▶ **THE DATA**

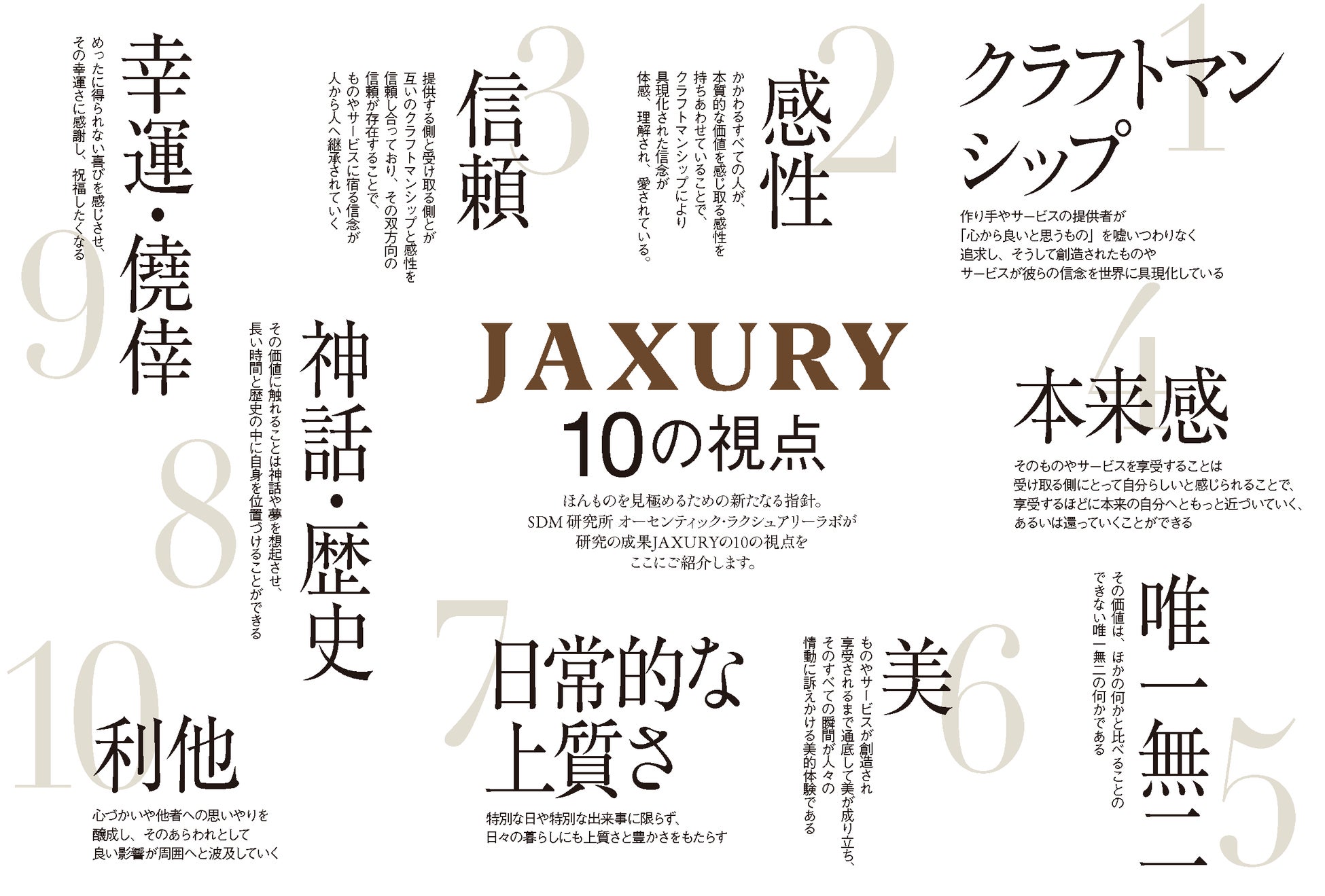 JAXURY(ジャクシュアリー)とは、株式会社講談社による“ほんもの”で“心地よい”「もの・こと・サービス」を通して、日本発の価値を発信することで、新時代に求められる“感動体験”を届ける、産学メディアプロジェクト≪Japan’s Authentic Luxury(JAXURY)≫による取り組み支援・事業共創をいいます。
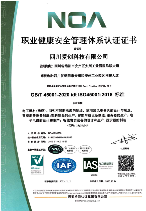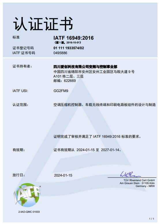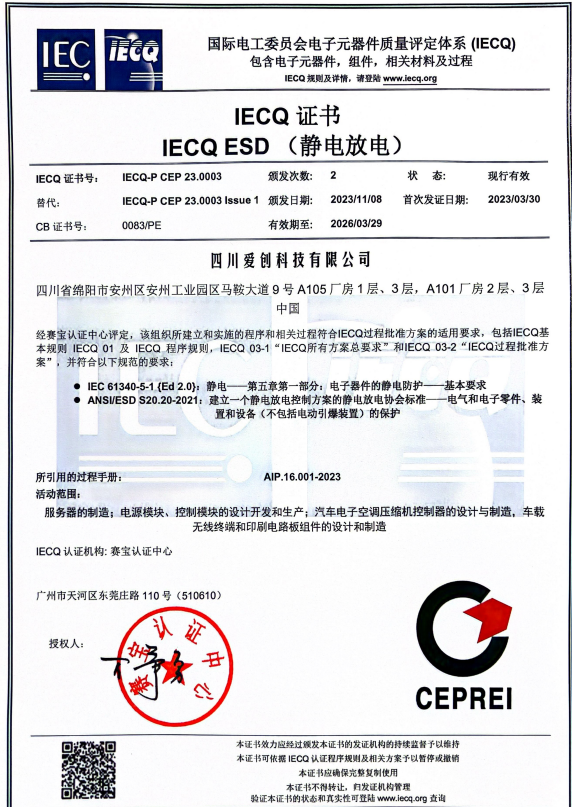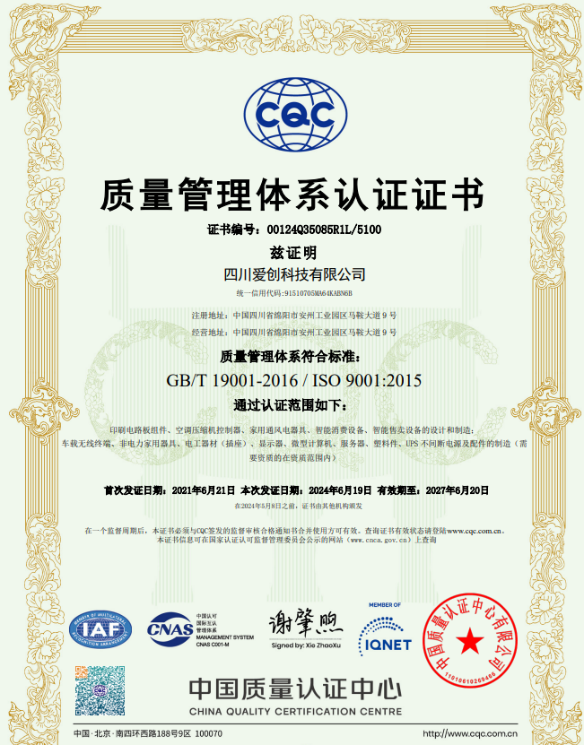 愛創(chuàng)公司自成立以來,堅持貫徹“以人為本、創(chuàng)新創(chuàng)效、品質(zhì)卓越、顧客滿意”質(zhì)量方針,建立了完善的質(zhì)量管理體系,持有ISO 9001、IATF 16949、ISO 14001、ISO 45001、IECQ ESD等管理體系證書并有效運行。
--
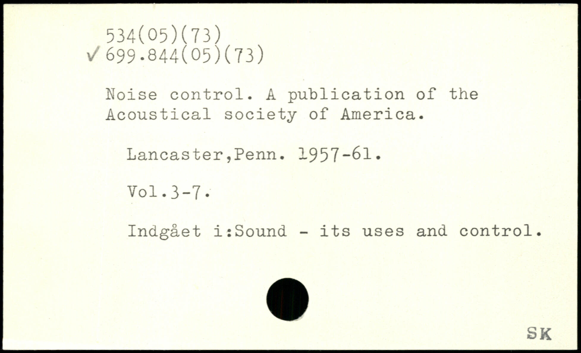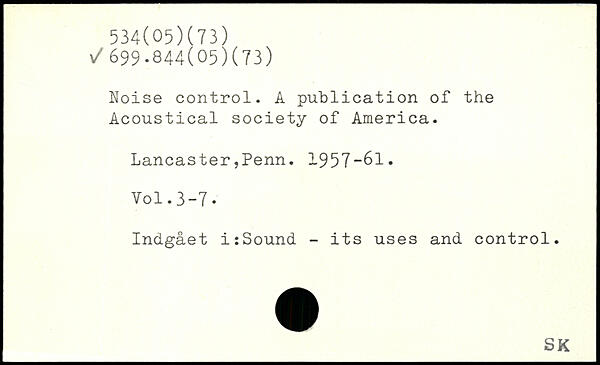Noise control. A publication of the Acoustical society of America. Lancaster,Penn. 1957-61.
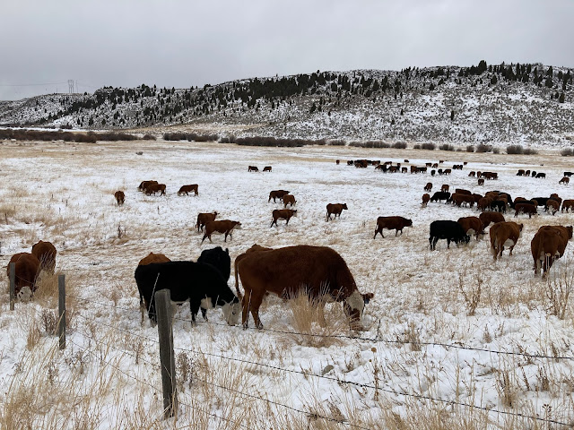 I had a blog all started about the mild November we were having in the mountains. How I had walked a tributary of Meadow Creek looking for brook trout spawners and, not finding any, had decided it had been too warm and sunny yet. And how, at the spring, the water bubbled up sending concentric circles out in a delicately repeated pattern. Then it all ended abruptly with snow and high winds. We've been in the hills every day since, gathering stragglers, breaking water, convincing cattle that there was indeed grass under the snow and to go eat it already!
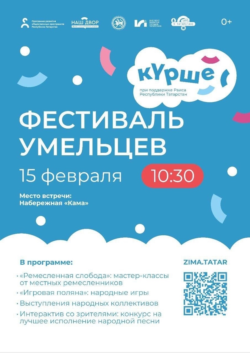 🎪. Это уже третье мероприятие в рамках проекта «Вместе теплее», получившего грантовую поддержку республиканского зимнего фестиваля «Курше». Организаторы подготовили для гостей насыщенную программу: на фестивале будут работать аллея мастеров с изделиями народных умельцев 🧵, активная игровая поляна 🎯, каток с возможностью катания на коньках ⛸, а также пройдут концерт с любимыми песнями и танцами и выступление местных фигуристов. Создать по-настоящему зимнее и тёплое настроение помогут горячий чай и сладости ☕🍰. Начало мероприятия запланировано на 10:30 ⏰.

▶ **REQUIREMENT**
In the listing above, find the line containing "I had a blog" and the line containing "на 10:30 ⏰.", then write out both of them and every line between, exactly, with no pictures.

▶ **RESULT FOR THIS TASK**
 I had a blog all started about the mild November we were having in the mountains. How I had walked a tributary of Meadow Creek looking for brook trout spawners and, not finding any, had decided it had been too warm and sunny yet. And how, at the spring, the water bubbled up sending concentric circles out in a delicately repeated pattern. Then it all ended abruptly with snow and high winds. We've been in the hills every day since, gathering stragglers, breaking water, convincing cattle that there was indeed grass under the snow and to go eat it already!
 🎪. Это уже третье мероприятие в рамках проекта «Вместе теплее», получившего грантовую поддержку республиканского зимнего фестиваля «Курше». Организаторы подготовили для гостей насыщенную программу: на фестивале будут работать аллея мастеров с изделиями народных умельцев 🧵, активная игровая поляна 🎯, каток с возможностью катания на коньках ⛸, а также пройдут концерт с любимыми песнями и танцами и выступление местных фигуристов. Создать по-настоящему зимнее и тёплое настроение помогут горячий чай и сладости ☕🍰. Начало мероприятия запланировано на 10:30 ⏰.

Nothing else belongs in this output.